Air New Zealand has enlisted the help of former NASA scientists at Alertness Solutions in California to conduct an extensive study of travelers' experience of work and stress -- and the psychological and physical effects of taking a vacation.

Americans notoriously take short vacations and are second only to workers in Singapore in the numbers of hours they work every week. In 2005 Americans handed back 421 million vacation days to their employers.

Air New Zealand's year-long study aims to discover what happens to travelers physically and psychologically when they think about vacations, during the time they're away and how they feel when they return to work.

"Americans in particular say they don't take enough holidays. They say they don't have enough time or that holidays are too expensive. Yet they also say they need holidays. We want to find out how exactly the vacation process affects travelers," said a spokeswoman.

So far researchers have questioned 1,200 people flying with Air New Zealand during May. More than half said they would be willing to reduce work place benefits, daily breaks and even pay in order to take more vacation time.

Nearly three quarters thought that doctors should be able to write prescriptions for vacations. And more than half said taking a full two weeks off work had a significant impact on their productivity rates when they returned.

Workers who took their allocated vacation time were happier and less stressed.

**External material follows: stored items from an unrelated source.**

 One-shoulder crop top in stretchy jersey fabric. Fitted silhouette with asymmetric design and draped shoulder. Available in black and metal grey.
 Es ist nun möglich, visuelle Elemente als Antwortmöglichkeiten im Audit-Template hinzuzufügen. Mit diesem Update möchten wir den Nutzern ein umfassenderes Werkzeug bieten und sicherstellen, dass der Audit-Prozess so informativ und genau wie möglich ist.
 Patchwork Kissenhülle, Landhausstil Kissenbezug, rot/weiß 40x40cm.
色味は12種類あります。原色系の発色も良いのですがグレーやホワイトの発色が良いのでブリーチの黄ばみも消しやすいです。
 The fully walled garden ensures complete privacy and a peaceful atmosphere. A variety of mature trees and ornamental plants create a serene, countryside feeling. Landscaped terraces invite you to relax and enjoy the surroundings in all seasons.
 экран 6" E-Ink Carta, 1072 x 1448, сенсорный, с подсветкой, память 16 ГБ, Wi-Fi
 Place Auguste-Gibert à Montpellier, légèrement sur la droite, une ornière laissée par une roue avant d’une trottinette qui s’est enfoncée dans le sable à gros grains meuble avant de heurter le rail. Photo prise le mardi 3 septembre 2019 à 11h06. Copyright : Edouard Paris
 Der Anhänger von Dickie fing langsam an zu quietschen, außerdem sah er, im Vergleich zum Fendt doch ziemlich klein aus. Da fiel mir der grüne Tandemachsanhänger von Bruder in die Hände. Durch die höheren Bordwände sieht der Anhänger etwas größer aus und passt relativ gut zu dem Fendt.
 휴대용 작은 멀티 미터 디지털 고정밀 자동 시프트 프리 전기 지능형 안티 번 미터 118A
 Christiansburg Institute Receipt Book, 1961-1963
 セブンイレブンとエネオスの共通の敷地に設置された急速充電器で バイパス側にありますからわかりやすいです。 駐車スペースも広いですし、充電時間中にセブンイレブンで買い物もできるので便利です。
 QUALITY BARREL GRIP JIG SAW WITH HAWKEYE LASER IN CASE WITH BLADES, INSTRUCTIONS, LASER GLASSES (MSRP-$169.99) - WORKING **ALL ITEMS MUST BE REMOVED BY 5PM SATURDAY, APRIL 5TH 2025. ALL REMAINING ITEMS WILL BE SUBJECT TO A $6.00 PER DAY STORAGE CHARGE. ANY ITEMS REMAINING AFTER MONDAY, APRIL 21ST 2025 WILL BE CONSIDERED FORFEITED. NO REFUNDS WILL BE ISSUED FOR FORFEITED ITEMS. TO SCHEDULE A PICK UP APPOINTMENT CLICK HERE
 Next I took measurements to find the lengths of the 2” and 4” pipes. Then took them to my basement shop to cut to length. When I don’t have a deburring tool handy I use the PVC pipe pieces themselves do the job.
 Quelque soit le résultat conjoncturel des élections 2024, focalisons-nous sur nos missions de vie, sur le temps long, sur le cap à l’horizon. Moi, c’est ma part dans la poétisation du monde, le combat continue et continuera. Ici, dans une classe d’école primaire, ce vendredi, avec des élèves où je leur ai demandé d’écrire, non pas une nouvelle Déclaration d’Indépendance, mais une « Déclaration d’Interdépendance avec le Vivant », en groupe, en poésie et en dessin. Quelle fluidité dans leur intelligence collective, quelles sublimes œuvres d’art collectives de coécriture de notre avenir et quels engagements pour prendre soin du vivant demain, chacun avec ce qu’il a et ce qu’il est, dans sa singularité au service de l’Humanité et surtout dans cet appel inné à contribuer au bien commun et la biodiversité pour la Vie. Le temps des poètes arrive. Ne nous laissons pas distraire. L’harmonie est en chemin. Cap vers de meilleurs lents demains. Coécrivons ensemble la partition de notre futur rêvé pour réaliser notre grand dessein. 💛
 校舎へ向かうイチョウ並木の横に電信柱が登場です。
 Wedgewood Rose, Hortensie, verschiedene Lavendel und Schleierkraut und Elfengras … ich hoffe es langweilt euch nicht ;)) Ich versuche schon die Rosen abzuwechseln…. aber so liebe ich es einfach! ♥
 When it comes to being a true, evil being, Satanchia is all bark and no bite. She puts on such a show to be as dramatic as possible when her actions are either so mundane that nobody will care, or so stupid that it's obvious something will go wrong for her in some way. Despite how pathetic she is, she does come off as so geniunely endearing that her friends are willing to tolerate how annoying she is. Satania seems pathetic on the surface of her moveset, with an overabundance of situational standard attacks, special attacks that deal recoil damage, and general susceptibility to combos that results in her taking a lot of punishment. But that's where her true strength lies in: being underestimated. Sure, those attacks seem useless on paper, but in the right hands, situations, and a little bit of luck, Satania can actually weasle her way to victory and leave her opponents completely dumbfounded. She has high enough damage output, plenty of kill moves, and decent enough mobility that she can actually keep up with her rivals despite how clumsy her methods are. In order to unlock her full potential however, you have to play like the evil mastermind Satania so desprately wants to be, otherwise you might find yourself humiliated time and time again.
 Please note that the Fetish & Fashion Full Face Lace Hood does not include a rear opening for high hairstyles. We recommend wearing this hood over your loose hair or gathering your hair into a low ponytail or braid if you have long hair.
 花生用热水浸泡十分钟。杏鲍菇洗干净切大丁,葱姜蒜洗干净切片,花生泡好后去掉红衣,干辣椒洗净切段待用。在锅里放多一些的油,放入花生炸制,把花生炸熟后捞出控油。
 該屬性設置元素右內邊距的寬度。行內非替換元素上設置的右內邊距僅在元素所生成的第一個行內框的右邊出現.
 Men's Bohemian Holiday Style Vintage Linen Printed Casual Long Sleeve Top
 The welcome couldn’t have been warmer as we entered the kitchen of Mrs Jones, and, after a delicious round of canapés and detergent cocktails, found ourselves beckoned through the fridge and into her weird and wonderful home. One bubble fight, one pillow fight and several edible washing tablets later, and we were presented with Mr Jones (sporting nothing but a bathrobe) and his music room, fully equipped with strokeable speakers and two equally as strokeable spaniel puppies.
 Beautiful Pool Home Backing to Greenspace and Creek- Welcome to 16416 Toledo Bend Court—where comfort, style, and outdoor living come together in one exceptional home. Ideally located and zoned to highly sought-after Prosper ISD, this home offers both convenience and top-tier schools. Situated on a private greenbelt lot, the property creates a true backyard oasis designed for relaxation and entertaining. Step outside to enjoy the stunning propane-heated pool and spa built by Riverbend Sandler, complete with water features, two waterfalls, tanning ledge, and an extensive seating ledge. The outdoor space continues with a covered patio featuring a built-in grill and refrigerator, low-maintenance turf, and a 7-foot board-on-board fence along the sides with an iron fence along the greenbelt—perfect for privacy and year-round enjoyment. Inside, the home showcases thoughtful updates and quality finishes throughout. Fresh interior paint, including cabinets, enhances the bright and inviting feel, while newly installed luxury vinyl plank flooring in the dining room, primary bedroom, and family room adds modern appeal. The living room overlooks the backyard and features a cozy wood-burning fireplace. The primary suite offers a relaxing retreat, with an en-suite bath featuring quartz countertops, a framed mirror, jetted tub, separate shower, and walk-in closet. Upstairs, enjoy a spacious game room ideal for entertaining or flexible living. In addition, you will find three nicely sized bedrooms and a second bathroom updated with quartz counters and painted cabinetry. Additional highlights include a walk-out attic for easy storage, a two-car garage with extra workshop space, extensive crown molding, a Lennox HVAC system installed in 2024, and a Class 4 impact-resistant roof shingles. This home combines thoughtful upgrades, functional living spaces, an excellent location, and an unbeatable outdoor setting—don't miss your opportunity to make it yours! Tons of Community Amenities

Gus Gilmore, vice president of Air New Zealand for the Americas said: "Air New Zealand will use the results of our study to identify and explore new ways to accelerate the vacation mindset and extend it for travelers once they return."

In addition, the airline has subjected a select group of traveler guinea pigs to a battery of intensive in-flight monitoring tests.

Using methodology normally reserved for studying pilots and astronauts the travelers flying on a U.S. to New Zealand flight have been hooked up to various pieces of scientific monitoring equipment measuring their brain, eye, muscle and heart rate activity.

The airlines say the tests will provide scientific data about what physically happens to the human body when travelers go on vacation.

"Our scientists are currently analyzing the results and when we have them we'll use them to make flying a positive part of the vacation experience," said a spokeswoman.

"So far the survey suggests the vacation mindset fades quickly after Americans return. More than half begin to feel like they have never been on vacation within the first three days back, returning to their normal stress levels and routines, sleep, work, diet and social activity."

Proof that once the business traveler is back at work it's time to book another vacation.